Мура не до конца этому поверила, но вместе с тем увидела, что это славный и в чем-то даже милый человек. Растерян, потерян? Господи, а по чьей судьбе не прошлись колесами все эти войны и революции? Даже если бы он оказался штабс-капитаном в какой-нибудь Сызрани, это была бы судьба. Он не стрелял бы в себя, скорее, он стрелялся бы от скуки с каким-нибудь поручиком Краузе или майором Дымовым, пил, кутил, водил свою роту на парад, но это была бы жизнь. А теперь Берлин? Мура Берлин не слишком любила, но все же не Сызрань. А вдруг у него получится? И внезапно она поняла, что действительно может помочь этому человеку. А его титул поможет ей. А эстонский паспорт сделает ее настоящей европейкой. Или европеянкой, как выражаются некоторые русские поэты. Европе́янкой нежной. Да, звучит.

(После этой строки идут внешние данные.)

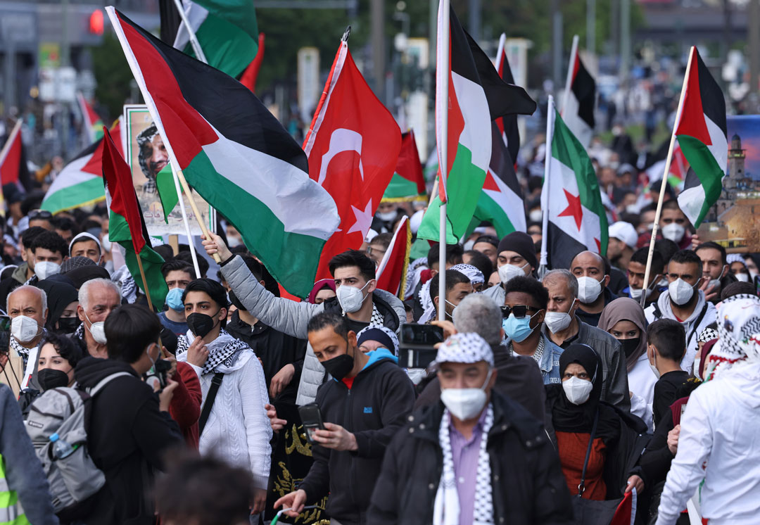 Đoàn người biểu tình đòi quyền của người dân Palestine và chống lại các cuộc không kích của Do Thái tại Dải Gaza trong cuộc tuần hành hôm 19 tháng 5 năm 2021 tại Berlin, Đức Quốc. Những người biểu tình đã tràn ra các đường phố khắp Âu Châu kể từ tuần trước vì cuộc xung đột hiện nay giữa Palestine và Do Thái. (Photo Getty Images)

Решения она умела принимать быстро и окончательно.
Не прошло и недели, как Мура получила письмо от Петра Крючкова. Пе-пе-крю писал ей, что Горького очень беспокоит ее, Муры, положение. Алексея Максимовича терзает мысль, что Муру преследуют в Эстонии за дружбу с ним, Горьким. И что он дал Крючкову распоряжение выслать ей приличную сумму денег. «Как вовремя», — прошептала Мура.
А еще через два дня банк Эстонии сообщил Муре, что на ее имя пришла тысяча долларов.
— Ого! — воскликнула Мура.
Она тут же разделила деньги на три части — Мисси, Николаю и себе. Молодой барон Будберг осознал наконец, что он не зря женится на этой женщине. Ей явно сопутствует удача. Может, и ему повезет? Он ходил по Таллинну окрыленный, насвистывал «Боже, царя храни» и хлопотал о визе и билете в Берлин.
Когда еще через месяц пришла вторая тысяча долларов, Мура почувствовала себя богачкой. Она вновь примерно треть суммы отдала Мисси, треть — своему новому мужу (который с трудом скрыл свой восторг) и тут вспомнила про ювелира. Она схватила сумочку и поспешила на ратушную площадь, в уже знакомый ей узкий проход. Дверь каморки была закрыта. Она постучалась, но никто не откликнулся.
— Вы напрасно стучите, — раздался голос. — Его нет и не будет.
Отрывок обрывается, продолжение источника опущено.